*WHAT YOU WILL DO*
From the line containing "Großartige und große" to the end of the data, retype every line exactly and nothing else. Drop the pictures.

*DATA EXTRACT*
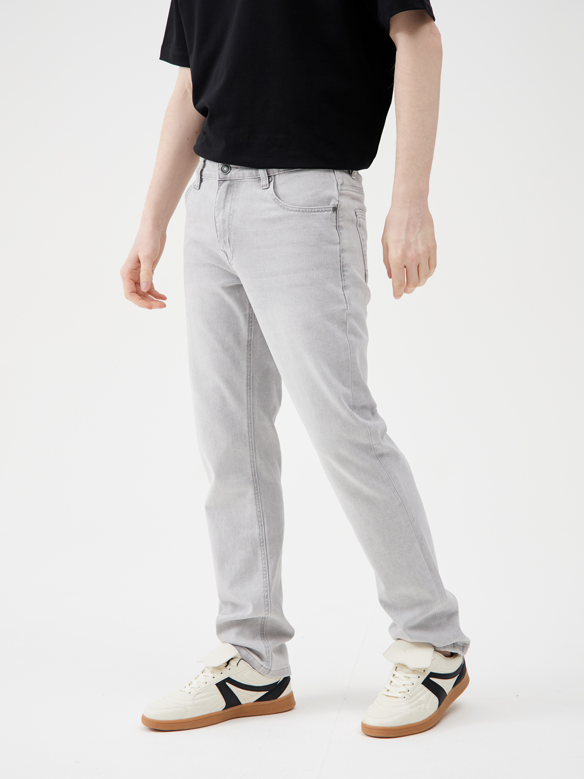 Прямые классические джинсы из хлопка с минимальным добавлением полиэстера на рост 176-182 см. Эти прямые классические джинсы из хлопка с минимальным добавлением полиэстера — основа для стильного и комфортного гардероба современного мужчины. Светло-серый деним обеспечивает универсальность и делает их идеальными для любого повода: от повседневной носки до более официальных мероприятий. Эти джинсы обладают классическим прямым кроем, который подходит любому типу фигуры. Нейтральный светло-серый цвет легко комбинируется с различными стилями и оттенками. Он подходит для создания как повседневных, так и более элегантных образов. Карманы с рельефами сзади создают акцент и добавляют глубину дизайну джинс. Этот элемент придаёт индивидуальность, которая выделяет их среди стандартных моделей. Удобные шлевки на талии позволяют использовать ремень для дополнительного комфорта и стиля. Детали: классический прямой крой, пять карманов, застёжка на металлическую молнию и пуговицу.
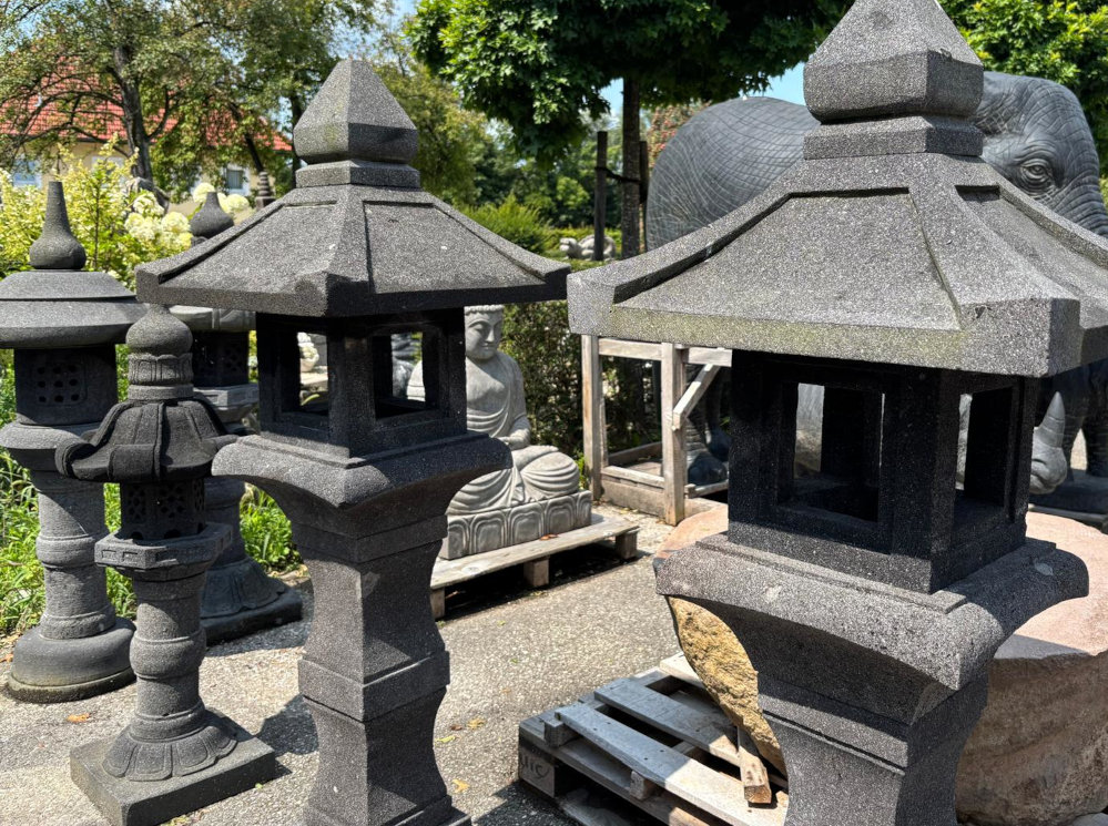 Großartige und große Pagode aus grauem Lavastein, gestaltet nach dem Vorbild der japanischen Geisterhäuser, frostsicher, drei Varianten zur Auswahl, Eyecatcher!
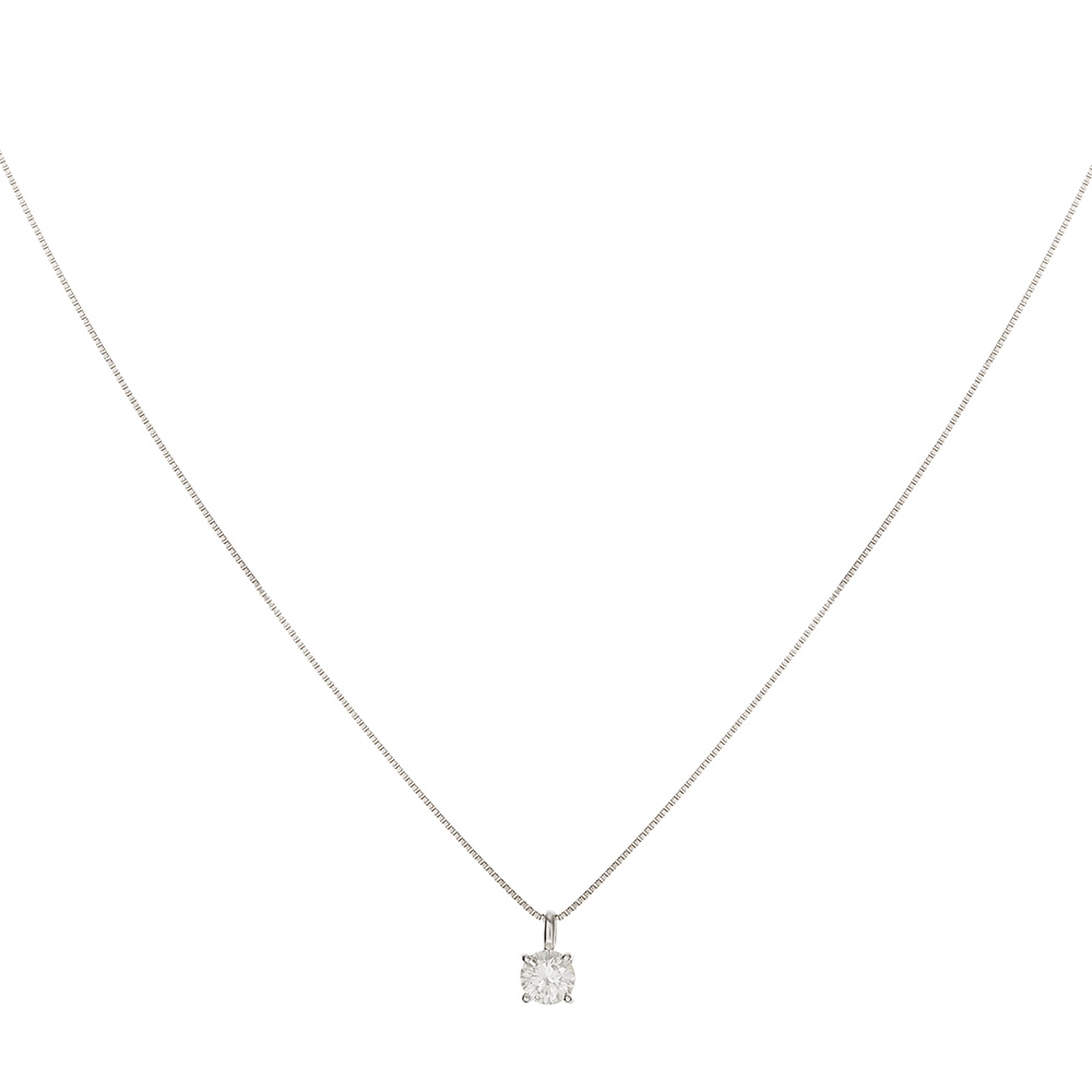 Corrente com pingente de ouro branco, 0,65ct de brilhante I/SI1. Medidas 0,6cm/40cm
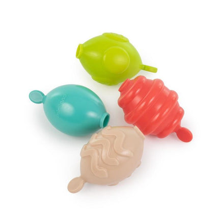 Big beads of assorted textures and colours, made of bioplastic derived from sugar cane, for children to string together. They have been designed for little hands and can be used by children with special needs thanks to their sizes, textures and colours. They snap together when gently pressed to form a chain, making playing time a really fun experience.

*PROBLEM SOLUTION*
 Großartige und große Pagode aus grauem Lavastein, gestaltet nach dem Vorbild der japanischen Geisterhäuser, frostsicher, drei Varianten zur Auswahl, Eyecatcher!
 Corrente com pingente de ouro branco, 0,65ct de brilhante I/SI1. Medidas 0,6cm/40cm
 Big beads of assorted textures and colours, made of bioplastic derived from sugar cane, for children to string together. They have been designed for little hands and can be used by children with special needs thanks to their sizes, textures and colours. They snap together when gently pressed to form a chain, making playing time a really fun experience.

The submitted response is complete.